Es difícil no caer en cuenta del alto impacto que la cuestión ha terminado teniendo sobre la totalidad del continente. Influencia que sólo ha recalado en términos de la presencia material y/o belicista de los Estados Unidos, sino que también ha terminado recalando en la visión nacional que prevalece en la región. Una visión nacional chovinista y sumamente dependiente del vecino incómodo del norte, que ha terminado condicionando nuestras perspectivas de desarrollo y genuina soberanía nacional. Porque la geopolítica de la dominación americana en el continente, toma toda su magnitud en los efectos culturales que han terminado padeciendo todos los países en donde esta se ha llegado a materializar.
De ahí la utilidad práctica de aprender a mirar nuestra propia historia y el sentido de la identidad nacional resultante, con ojos críticos y lejos de mitos maniqueos e infantiles, que pretenden hacer de nuestra historia un recuento entre héroes y villanos. Porque sólo en la medida que nos reconciliemos genuinamente con nuestro pasado, aprendiendo a mirar las cosas fuera de la óptica de lo político ideológico, es que podremos generar las condiciones necesarias para un desarrollo nacional en genuina concordancia con nuestros propios intereses, y no como hasta ahora ha sido en más de doscientos años de historia, que siempre la política americana ha terminado definiendo nuestra propia política.
Porque la realidad es que, nos guste o no, la presencia del vecino incómodo del norte, es una presencia inamovible, que sólo puede ser contrarrestada y/o atenuada en la medida que hagamos el esfuerzo objetivo por diversificar nuestra integración económica y estratégica con el resto del mundo. Algo que sólo hemos conseguido a cuentagotas por muy breves periodos de tiempo, equilibrios que han terminado haciendo aguas por estallidos violentos instigados por el vecino incómodo, como por ejemplo en la coyuntura de la independencia o el llamado porfiriato, por citar algunos ejemplos.
Es pues momento de abrir nuestras mentes, para madurar nuestros referentes político-discursivos, y aprovechar con sentido crítico y/o responsable, nuestra posición en el concierto internacional, una posición que hasta ahora, no ha sido aprovechada como se podría, porque no hemos sido capaces de reconciliarnos con nuestro pasado, lo que ha terminado comprometiendo nuestro presente y promete seguir pesando sobre el futuro inmediato.
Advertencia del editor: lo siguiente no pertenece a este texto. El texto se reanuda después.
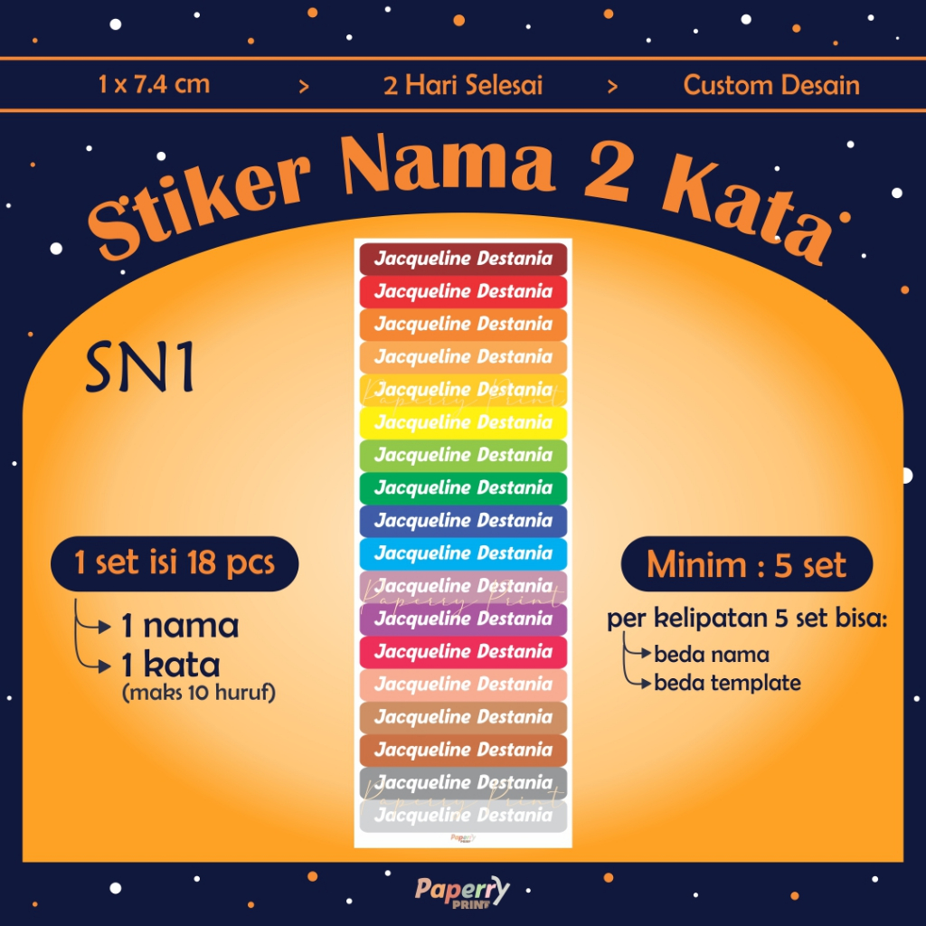 [1 x 7.4 cm] Stiker Nama / Stiker Label Nama / Stiker Label Nama Anak / Stiker Label Nama Custom / Stiker Alat Tulis / Stiker Pensil / Stiker Spidol / Label Alat Tulis / Label Pensil / Label Spidol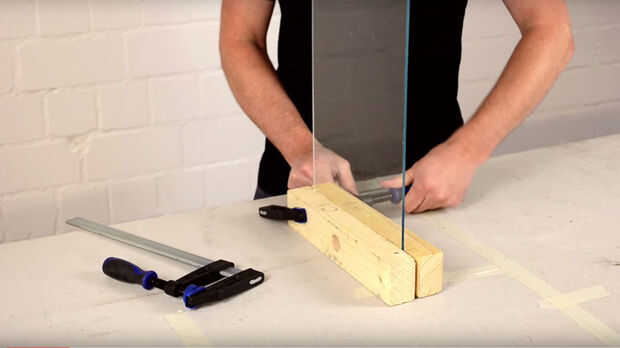 Ahora usted puede comenzar! Poner madera dos cuadrados del mismo tamaño en una superficie plana y coloque el panel de plexiglás vertical entre ellos para que su lado más corto se coloca en la superficie. Con la ayuda de dos pinzas el panel de plexiglás se fijarán suavemente entre las maderas.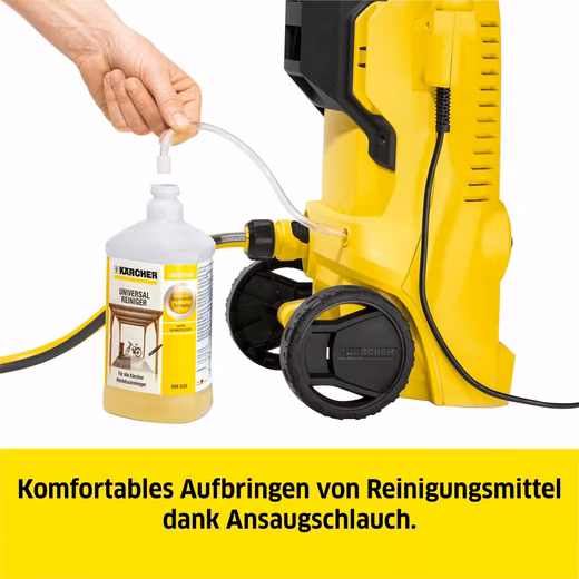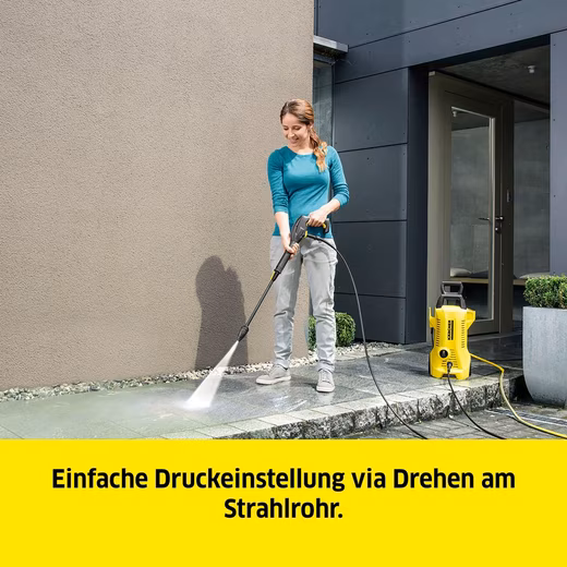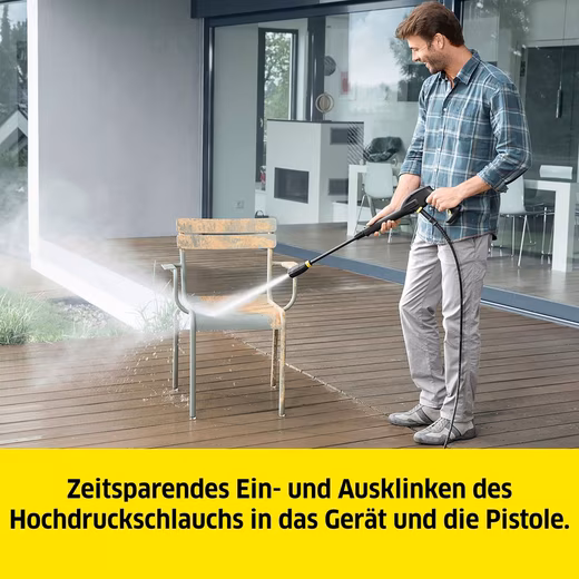 The Kärcher Home & Garden app turns every user into a cleaning expert – and enables an even more thorough cleaning result with the Kärcher K 2 Power Control high-pressure cleaner. The app contains the helpful application advisor that supports the user with practical tips and tricks for every cleaning task. In addition, the app offers an all-round service including information about the device, the application and the Kärcher service portal. The K 2 Power Control Home including Home Kit with the surface cleaner T 1 and the 500 ml cleaning agent “Patio & Deck” for splash-free cleaning of larger areas. The device is equipped with a high-pressure gun and 2 spray lances with Quick Connect connection. The pressure level can be adjusted directly on the Click Vario Power spray lance – for maximum control during every cleaning task. In addition, the device has a height-adjustable telescopic handle for convenient pulling and stowing, a suction hose for effortless application of cleaning agents, practical holders for accessories, high-pressure gun and cable as well as a 5-meter hose.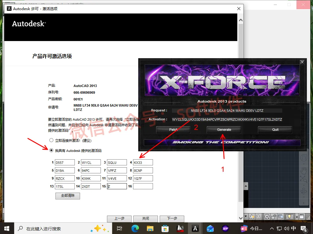 16,点击Generate生成激活码,将生成的激活码按Ctrl+C复制,按Ctrl+V粘贴到键入激活码方框中
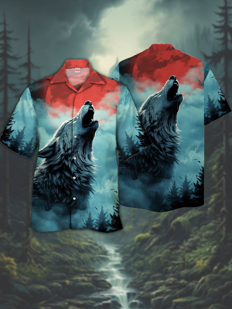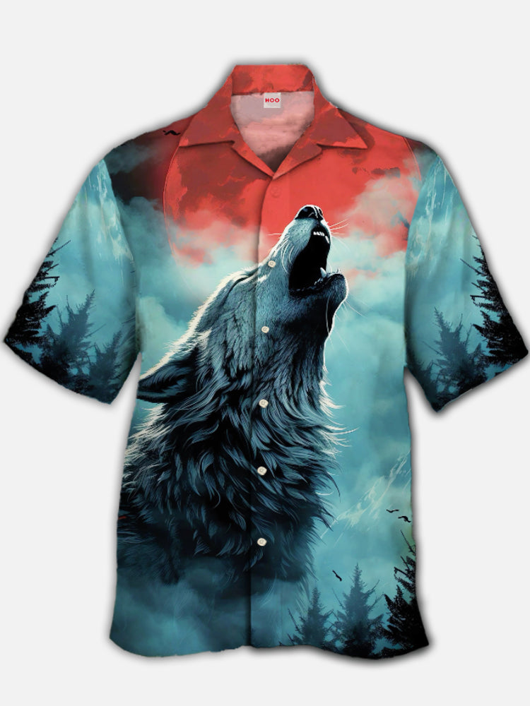 • Eye-Catching Stunning Style Blood Moon And Howling Wolf Printing Cuban Collar Hawaiian Short Sleeve Shirt

Sólo trascendiendo ese discurso ramplón e incendiario y seudo nacionalista, que ha caracterizado a la mayoría de las elites políticas latinoamericanas, –tan profundamente enamoradas del vecino incómodo, ya lo mismo para vilipendiarlo, que para exaltarlo; discurso muy popular en términos mediáticos, pero poco o nada efectivo en términos estratégicos–, es que podremos comenzar a tomar nuestro propio destino en nuestras manos.